Using nucleotide sequence information, stored in a series of FASTA files, BugMat generates a pairwise distance matrix.
The software is designed for, has been extensively tested with, mapped data from bacterial genome sequencing.
It was produced as part of the Modernising Medical Microbiology initiative, who use it, as do Public Health England.
BugMat is a C++ command line executable.
It can be compiled on Linux and on Windows.
It uses the C++ Standard Library 14 and the zlib library. OpenMP is required for parallelisation.
A publication describing this work is in BMC Bioinformatics: BugMat and FindNeighbour: command line and server applications for investigating bacterial relatedness DOI : 10.1186/s12859-017-1907-2 (https://dx.doi.org/10.1186/s12859-017-1907-2)
BugMat builds in-memory distance matrices. Using 16 cores on a machine equipped with Intel Xeon E5-2680-v2 Processors (2.8GHz):
- Building a matrix from 400 M. tuberculosis genomes (4.4 million bases per sequence) required about 2GB RAM and took 100 seconds.
- Building a matrix from 4,000 M. tuberculosis genomes (4.4 million bases per sequence) required 20GB RAM, and took about 12,000 seconds.
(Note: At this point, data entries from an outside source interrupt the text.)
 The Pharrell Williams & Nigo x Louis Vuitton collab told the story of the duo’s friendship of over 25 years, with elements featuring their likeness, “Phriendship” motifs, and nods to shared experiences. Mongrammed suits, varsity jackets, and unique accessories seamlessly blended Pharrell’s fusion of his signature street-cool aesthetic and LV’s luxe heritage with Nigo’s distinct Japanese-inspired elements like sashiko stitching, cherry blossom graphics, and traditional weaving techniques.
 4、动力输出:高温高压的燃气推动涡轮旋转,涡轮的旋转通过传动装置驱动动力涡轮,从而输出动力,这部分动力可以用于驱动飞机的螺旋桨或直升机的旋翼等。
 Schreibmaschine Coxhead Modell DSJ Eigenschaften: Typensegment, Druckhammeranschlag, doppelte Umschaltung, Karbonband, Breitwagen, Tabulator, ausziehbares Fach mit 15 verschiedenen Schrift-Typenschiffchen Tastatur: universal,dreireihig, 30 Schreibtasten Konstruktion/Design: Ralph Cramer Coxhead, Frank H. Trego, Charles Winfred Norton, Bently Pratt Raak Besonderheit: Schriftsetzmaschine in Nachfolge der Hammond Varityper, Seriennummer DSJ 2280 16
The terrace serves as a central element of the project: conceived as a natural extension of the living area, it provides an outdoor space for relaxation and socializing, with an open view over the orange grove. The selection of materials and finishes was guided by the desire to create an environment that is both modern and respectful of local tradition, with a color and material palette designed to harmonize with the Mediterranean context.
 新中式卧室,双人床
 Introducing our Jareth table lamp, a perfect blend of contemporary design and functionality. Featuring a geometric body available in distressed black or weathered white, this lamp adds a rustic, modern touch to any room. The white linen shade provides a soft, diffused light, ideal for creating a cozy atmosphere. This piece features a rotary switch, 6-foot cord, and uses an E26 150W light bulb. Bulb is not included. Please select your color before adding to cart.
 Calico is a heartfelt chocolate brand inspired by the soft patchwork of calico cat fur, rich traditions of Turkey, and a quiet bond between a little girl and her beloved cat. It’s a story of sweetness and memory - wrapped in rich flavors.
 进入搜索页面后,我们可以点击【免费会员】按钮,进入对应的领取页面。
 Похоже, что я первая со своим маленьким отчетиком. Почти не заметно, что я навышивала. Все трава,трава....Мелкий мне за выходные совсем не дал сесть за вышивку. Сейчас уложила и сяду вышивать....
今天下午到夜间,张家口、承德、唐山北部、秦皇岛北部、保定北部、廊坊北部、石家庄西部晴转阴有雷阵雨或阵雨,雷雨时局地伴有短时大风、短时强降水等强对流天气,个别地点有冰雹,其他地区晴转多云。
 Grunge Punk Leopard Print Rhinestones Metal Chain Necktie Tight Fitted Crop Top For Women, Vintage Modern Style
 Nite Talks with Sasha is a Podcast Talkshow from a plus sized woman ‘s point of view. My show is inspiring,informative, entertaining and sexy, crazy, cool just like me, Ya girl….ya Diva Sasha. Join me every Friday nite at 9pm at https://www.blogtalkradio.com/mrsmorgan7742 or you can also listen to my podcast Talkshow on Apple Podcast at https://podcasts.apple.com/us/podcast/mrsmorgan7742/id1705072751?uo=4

First of all you should check if the system has gcc compiler and openmp library, the examples are in linux not windows:
1- Check openMP library:
echo | cpp -fopenmp -dM | grep -i open
2- Check gcc compiler:
gcc --version ## get compiler version
Install gcc:
sudo apt-get install gcc-4.2
Install openmp:
apt-get install libgomp1
cf. http://openmp.org/wp/openmp-compilers/ https://huseyincakir.wordpress.com/2009/11/05/installing-openmp-in-linux-debian/
make clean
make
or
g++ -std=c++11 -fopenmp -O3 bugmat.cpp -lz -o bugmat
./bugmat --threads 8 --samples file.txt --output folder
We have successfully compiled BugMat on windows using both DevC++ and MS Visual Studio 15. We have tested this on Windows 10/8/7 systems. Running the software on Windows 7 is complicated by a a known issue with zlib 1.2.8 on Windows 7 (but not later systems) which is described, and can be addressed as described, here: http://www.tannerhelland.com/5076/compile-zlib-winapi-wapi-stdcall/ https://sourceforge.net/p/globalplatform/code/HEAD/tree/trunk/zlib-1.2.8/ https://sourceforge.net/projects/globalplatform/files/zLib/
--h, --help
show this help message and exit
--t, --threads
numthreads (number of threads for openmp library)
--s, --sample
a space delimited text file with sample name in first column and filepath to fasta file in second column
--o, --output folder
folder name for the output files
./bugmat -t 8 -s fastas/file_fastas.txt -o fastas
Output will be written into the --output folder. The four numbers output correspond to the number of milliseconds taken for each of the four phases (read&clean, process, write, total).
# succeeds
> ./bugmat -t 8 -s fastas/file_fastas.txt -o fastas
read files process: OK
read&clean,process,write,total
0, 0, 0, 0
# fails, as no output directory is provided
> ./bugmat -t 8 -s fastas/file_fastas.txt
read&clean,process,write,total
0, 0, 1, 1
# fails if file names in file_fastas.txt do not exist on the file system
./bugmat -t 8 -s -s filelist.txt -o output
read files process: problem with file (id: p_nose, path: nose_p.fasta)
Three output files are produced:
-
alignment_samples.fa
This is a fasta file in which only variant bases are included. -
bugmat_snp.txt
This reports the pairwise SNP distances between all sequences analysed. -
bugmat_count_bases.txt
This is a text representation of the model used by the software to represent the positions of variation.